[WHAT YOU ARE ASKED TO DO]:
Which lines below fall between the one containing "Piękne buty zimowe" and the one containing "参加した教員全員が立場をかわ"? Repeat them exactly, counting both of those lines, and add nothing else.

[INPUT]:
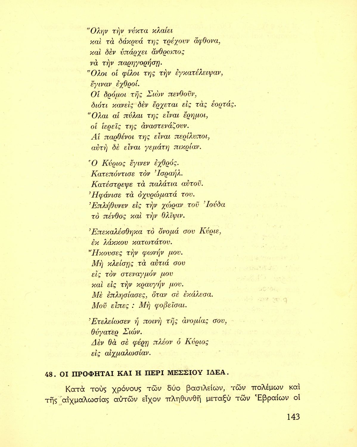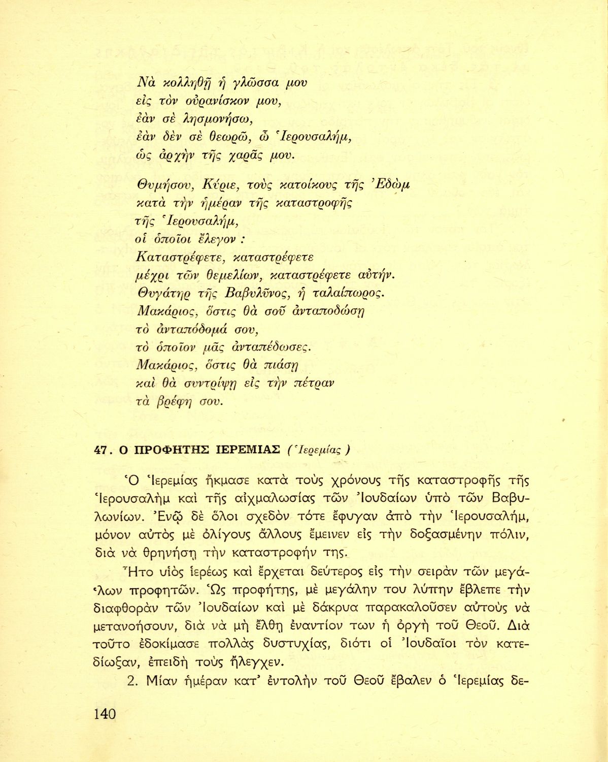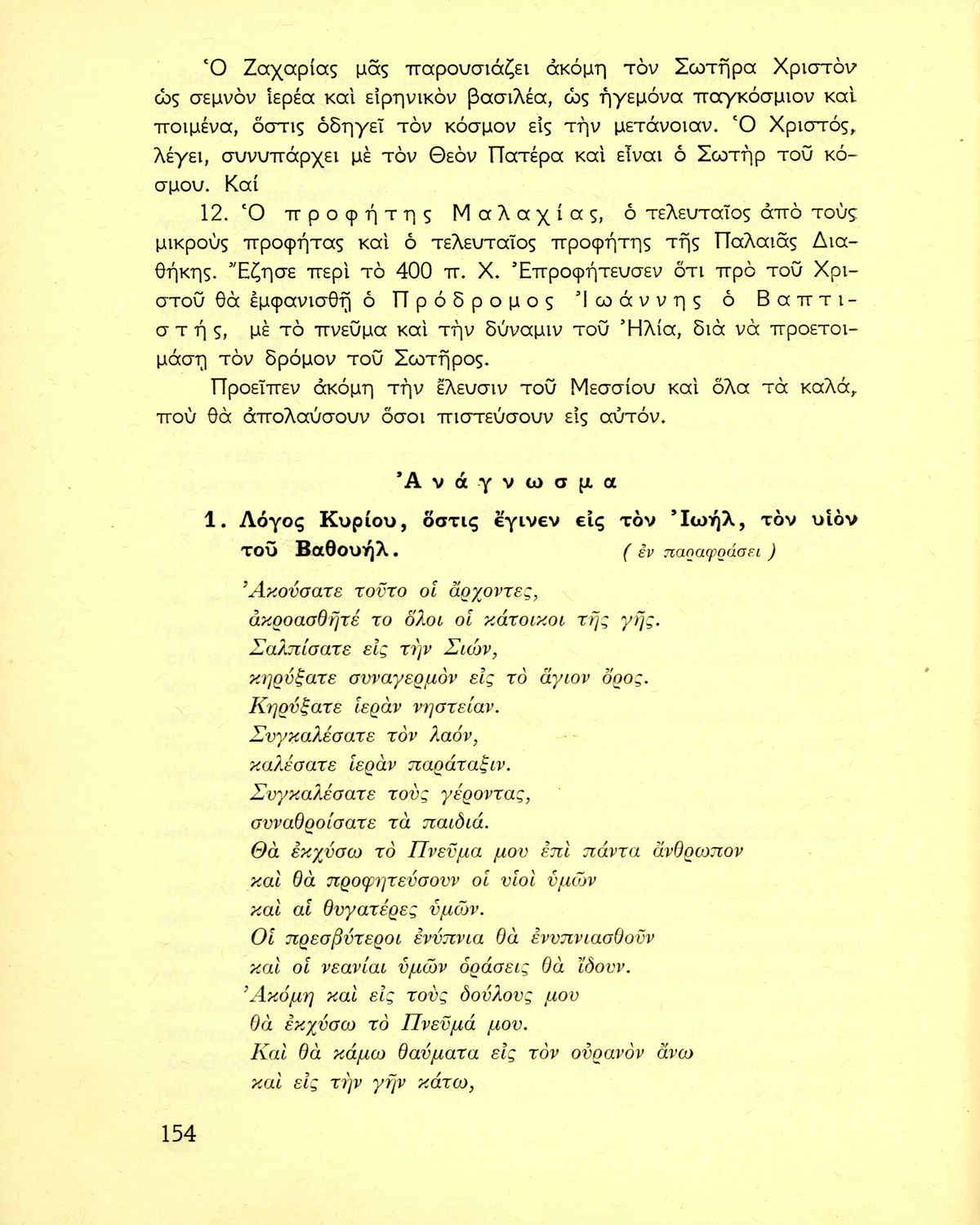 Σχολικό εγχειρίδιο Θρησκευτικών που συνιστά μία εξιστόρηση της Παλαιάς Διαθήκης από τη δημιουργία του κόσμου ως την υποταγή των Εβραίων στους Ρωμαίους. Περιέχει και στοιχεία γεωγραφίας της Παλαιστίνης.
--
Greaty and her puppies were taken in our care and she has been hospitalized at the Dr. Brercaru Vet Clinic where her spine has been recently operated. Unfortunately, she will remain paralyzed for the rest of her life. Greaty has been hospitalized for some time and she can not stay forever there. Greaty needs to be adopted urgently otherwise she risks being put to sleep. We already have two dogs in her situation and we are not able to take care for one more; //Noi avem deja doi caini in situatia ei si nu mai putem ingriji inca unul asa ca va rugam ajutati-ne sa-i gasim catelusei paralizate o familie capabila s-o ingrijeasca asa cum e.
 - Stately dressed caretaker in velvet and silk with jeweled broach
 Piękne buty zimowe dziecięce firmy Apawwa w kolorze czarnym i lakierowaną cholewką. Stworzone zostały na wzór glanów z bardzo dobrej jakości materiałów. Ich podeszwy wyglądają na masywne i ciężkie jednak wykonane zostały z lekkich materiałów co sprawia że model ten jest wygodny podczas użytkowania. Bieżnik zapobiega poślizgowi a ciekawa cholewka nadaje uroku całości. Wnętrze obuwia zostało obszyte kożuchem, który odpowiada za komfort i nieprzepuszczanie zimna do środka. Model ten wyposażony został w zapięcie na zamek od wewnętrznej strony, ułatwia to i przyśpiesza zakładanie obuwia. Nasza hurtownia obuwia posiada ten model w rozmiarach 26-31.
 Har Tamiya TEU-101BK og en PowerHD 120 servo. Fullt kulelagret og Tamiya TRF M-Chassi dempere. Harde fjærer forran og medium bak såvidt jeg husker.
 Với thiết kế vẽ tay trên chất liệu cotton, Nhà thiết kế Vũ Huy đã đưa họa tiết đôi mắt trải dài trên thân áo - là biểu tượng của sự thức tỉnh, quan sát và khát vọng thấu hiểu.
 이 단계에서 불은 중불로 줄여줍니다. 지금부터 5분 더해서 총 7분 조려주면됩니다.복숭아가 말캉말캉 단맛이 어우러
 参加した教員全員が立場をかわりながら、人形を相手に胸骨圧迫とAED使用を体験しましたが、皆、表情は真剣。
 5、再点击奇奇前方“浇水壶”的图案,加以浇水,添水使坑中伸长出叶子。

[YOUR RESPONSE]:
 Piękne buty zimowe dziecięce firmy Apawwa w kolorze czarnym i lakierowaną cholewką. Stworzone zostały na wzór glanów z bardzo dobrej jakości materiałów. Ich podeszwy wyglądają na masywne i ciężkie jednak wykonane zostały z lekkich materiałów co sprawia że model ten jest wygodny podczas użytkowania. Bieżnik zapobiega poślizgowi a ciekawa cholewka nadaje uroku całości. Wnętrze obuwia zostało obszyte kożuchem, który odpowiada za komfort i nieprzepuszczanie zimna do środka. Model ten wyposażony został w zapięcie na zamek od wewnętrznej strony, ułatwia to i przyśpiesza zakładanie obuwia. Nasza hurtownia obuwia posiada ten model w rozmiarach 26-31.
 Har Tamiya TEU-101BK og en PowerHD 120 servo. Fullt kulelagret og Tamiya TRF M-Chassi dempere. Harde fjærer forran og medium bak såvidt jeg husker.
 Với thiết kế vẽ tay trên chất liệu cotton, Nhà thiết kế Vũ Huy đã đưa họa tiết đôi mắt trải dài trên thân áo - là biểu tượng của sự thức tỉnh, quan sát và khát vọng thấu hiểu.
 이 단계에서 불은 중불로 줄여줍니다. 지금부터 5분 더해서 총 7분 조려주면됩니다.복숭아가 말캉말캉 단맛이 어우러
 参加した教員全員が立場をかわりながら、人形を相手に胸骨圧迫とAED使用を体験しましたが、皆、表情は真剣。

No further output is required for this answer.